The lights you describe are in a totally different class then the ZL. Zebralight makes Chinese built low/mid range lights with lower quality materials and frequent quality control issues. They do not have the greatest warranty service either. Both the others are high end US made brands with very little QC issues and excellent warranty service if you do happen to have any issues(especially the HDS, it would be hard to find a better quality light from a better company).


----------



## Fireclaw18 (Mar 5, 2015)

*Re: Zebralight SC32 &amp; SC32w are on their way...*



Tachead said:


> The lights you describe are in a totally different class then the ZL. Zebralight makes Chinese built low/mid range lights with lower quality materials and frequent quality control issues. They do not have the greatest warranty service either. Both the others are high end US made brands with very little QC issues and excellent warranty service if you do happen to have any issues(especially the HDS, it would be hard to find a better quality light from a better company).



I agree that Surefire and HDS are in a totally different class. They're very high-end lights, built for the professional user with reliability the number one priority. The downside is because reliability was the top priority these lights maybe heavier and have lower output compared to more cutting edge brands.

However, I don't agree that Zebralight is "low/mid range". To me "low" end lights mean budget lights. A typical example of a light in this category is the Sipik 68 and its clones: Costs as little as $3. Will have a dated emitter, very simple driver, no thermal grease under the star, cheap type II anodize, etc. It will probably work... but if it doesn't it's so cheap just throw it out and get a new one. You could literally buy a hundred of them for the price of one HDS!

Zebralights cost $64-$95. That's definitely far above the "low" spectrum of light. And puts them squarely in the mid-to-high end range. They're the same quality level as other mid/high end lights like Fenix, Sunwayman, Thrunite, etc. Zebralights also pack an impressive number of features that are simply unavailable on most other lights. Zebralights were clearly designed with size in mind: Getting the brightest reasonable output in the smallest possible package. 

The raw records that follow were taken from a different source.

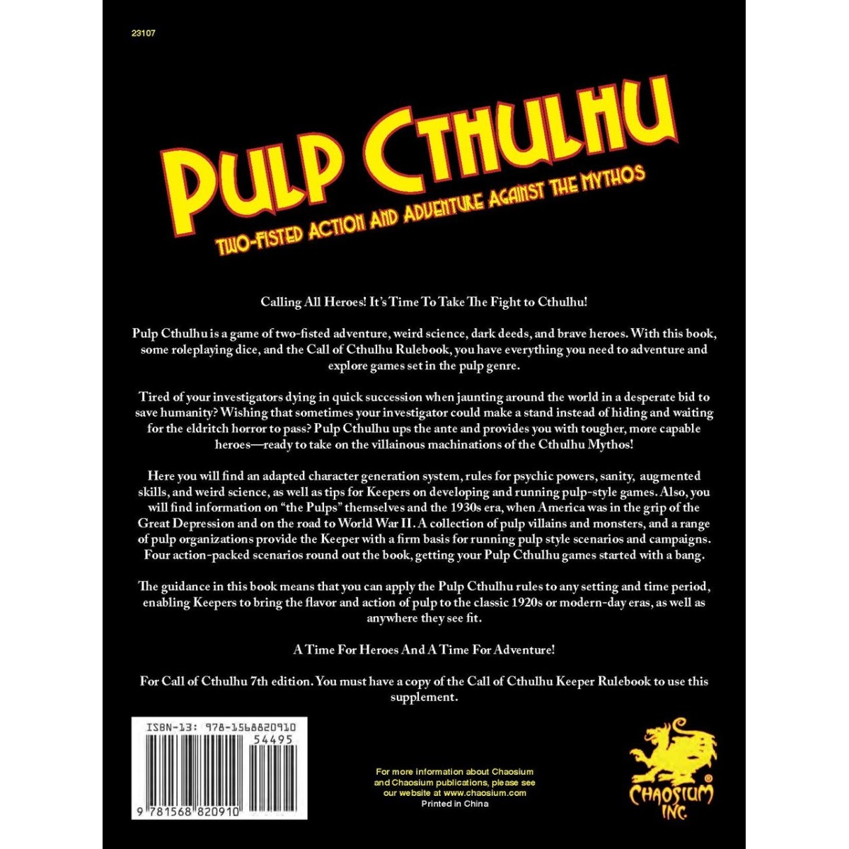 Pulp Cthulhu is a game of two-fisted adventure, weird science, dark deeds, and brave heroes. With this book, some roleplaying dice, and the Call of Cthulhu Rulebook, you have everything you need to adventure and explore games set in the pulp genre.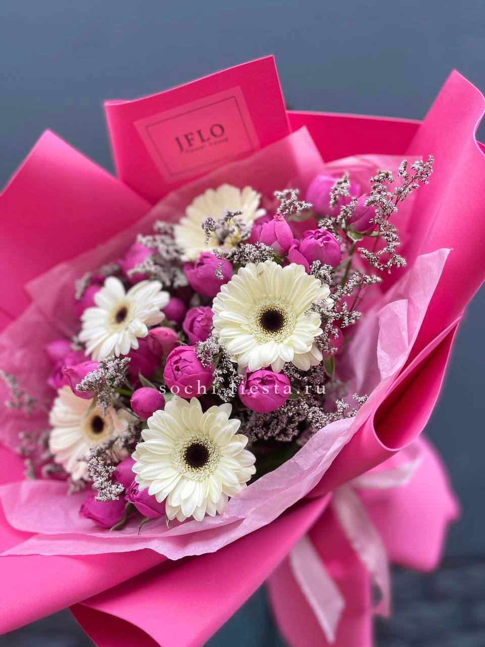 маттиола, розы, гортензия, диантусы, хризантемы , лента и дизайнерская пленка.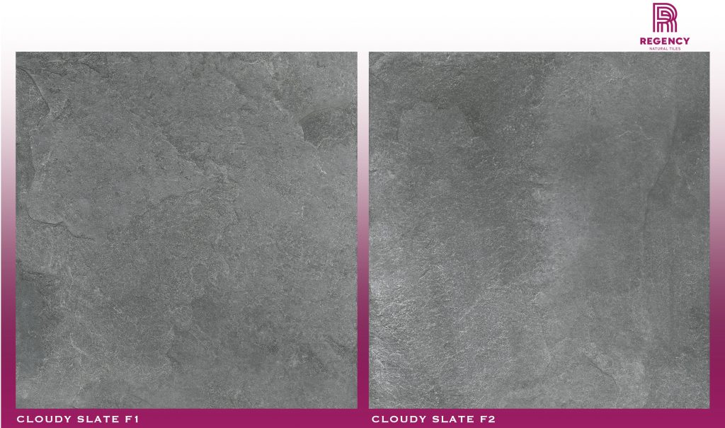 The Cloudy Slate Series is a 600 mm x 600 mm Glazed Vitrified Tile (GVT) featuring a grey, slate-like design with subtle clouding. The Carving finish creates an immersive 3D engraved texture, providing realistic depth and a strong surface grip.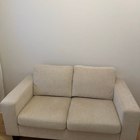 Klassinen Nappituftattu Sohva - Beige Kangas, 210x100x141 cm, Tyylikäs Puurunko,todella siisti ja ehjä,kokonaan verhoiltu uudestaan.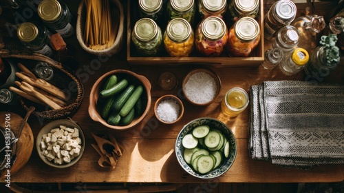 Rustic kitchen with preserved vegetables and fresh ingredients for organic home cooking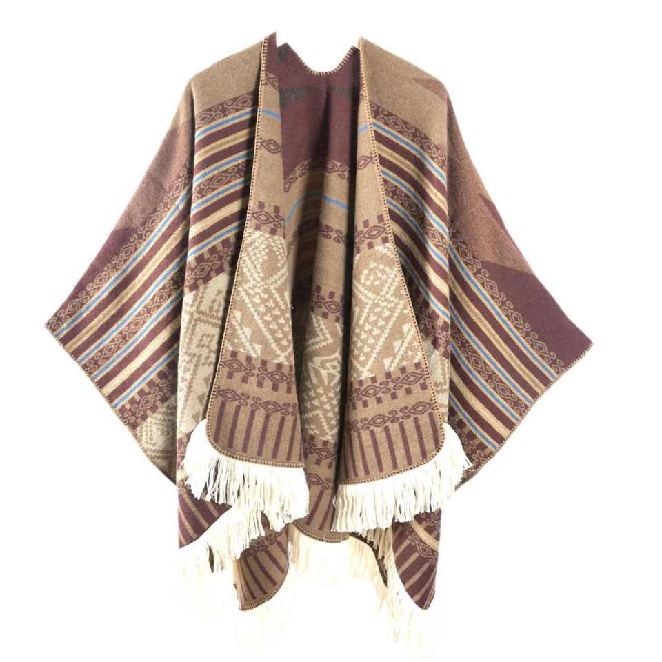 Women's Retro Ethnic Argyle Reversible Lightweight Large Tassel Outer Match Cloak Robe Travel Split Shawl New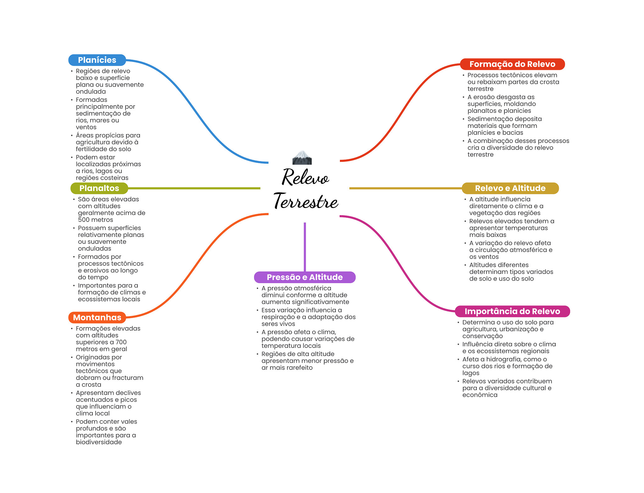 Planícies Formação do Relevo Regiões de relevo Processos tectônicos elevam baixo e superfície plana ou suavemente ou rebaixam partes da crosta ondulada terrestre Formadas A erosão desgasta as principalmente por superfícies, moldando sedimentação de planaltos e planícies rios, mares ou Sedimentação deposita ventos materiais que formam Áreas propícias para planícies e bacias agricultura devido à A combinação desses processos fertilidade do solo cria a diversidade do relevo Podem estar terrestre localizadas próximas a rios, lagos ou regiões costeiras Relevo Planaltos Relevo e Altitude São áreas elevadas Terrestre A altitude influencia com altitudes diretamente clima e a geralmente acima de vegetação das regiões 500 metros Relevos elevados tendem a Possuem superfícies apresentar temperaturas relativamente planas mais baixas ou A variação do relevo afeta onduladas a circulação atmosférica e Formados por OS ventos processos tectônicos Altitudes diferentes e erosivos ao longo determinam tipos variados do tempo Pressão e Altitude de solo e uso do solo Importantes para a A pressão atmosférica formação de climas e diminui conforme a altitude ecossistemas locais aumenta significativamente Essa variação influencia a Importância do Relevo Montanhas respiração e a adaptação dos seres vivos Determina uso do solo para Formações elevadas com altitudes A pressão afeta clima, agricultura, urbanização e podendo causar variações de conservação superiores a 700 temperatura locais Influência direta sobre clima metros em geral Originadas por Regiões de alta altitude e ecossistemas regionais movimentos apresentam menor pressão e Afeta a hidrografia, como O ar mais rarefeito curso dos rios e formação de tectônicos que lagos dobram ou fracturam Relevos variados contribuem a crosta para a diversidade cultural e Apresentam declives econômica acentuados e picos que influenciam clima local Podem conter vales profundos e são importantes para a biodiversidade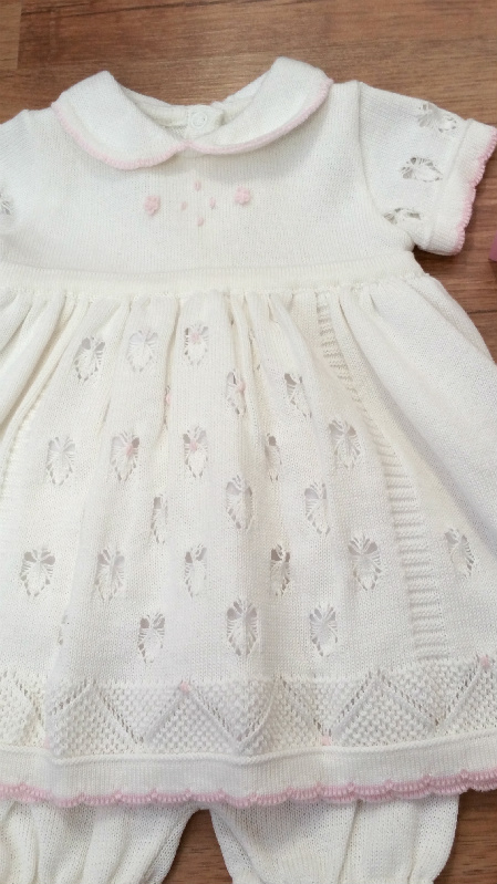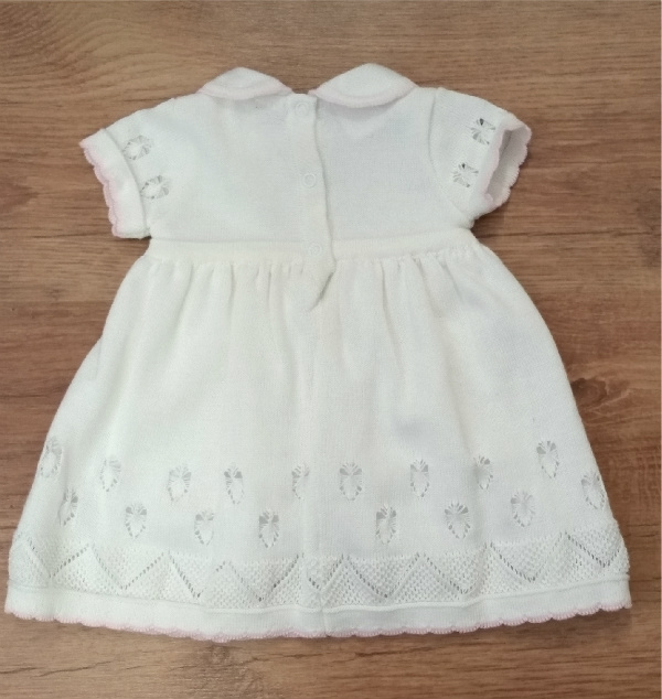Sötaste stickad klänning och matchande trosor. Gräddvit klänning med korta ärmar, rosa detaljer runt krage, ärmar och kjolfållet. Livet dekorerat med små rosa blommor. Underkjol med vacker spetskant. Knäppning baktil. Finklänning som passar som första klänning för vardag och fest. Mycket fin present till nyfödd bebis!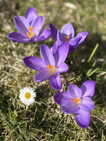 Krokuss und Gänseblümchen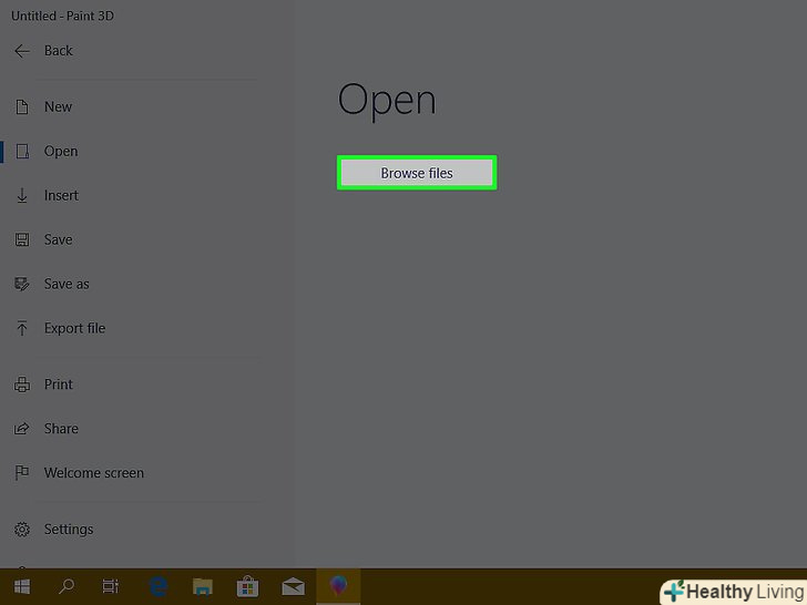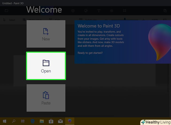 НатиснітьВідкрити.ця кнопка знаходиться посередині вікна Paint 3D.

Zebralights do feature many high-end features and some unique features: HAIII anodizing, single-piece unibody pill-less construction for good thermal management, thermal grease under the driver/star, fully potted driver, unique e-switch interface, AR coated lenses, thermal sensor with automatic rampdown, etc. 

Zebralights also tend to be quite innovative. For instance, a few years ago Zebralight released the S6330, a light that had 3 XMLs and was powered by 3x 18650 cells. It cost a few hundred dollars, but had the unique distinction of being by far the safest multi-lithium ion light ever made. Even today ... a few years later ... nobody else has ever marketed a safer multi-li-ion cell light. The S6330 was unique in that it had 3 battery bays and each battery powered a matched emitter on a separate circuit. Unlike other multi-18650 lights, it was perfectly safe to stick batteries of different capacities, chemistries and charge levels in the S6330.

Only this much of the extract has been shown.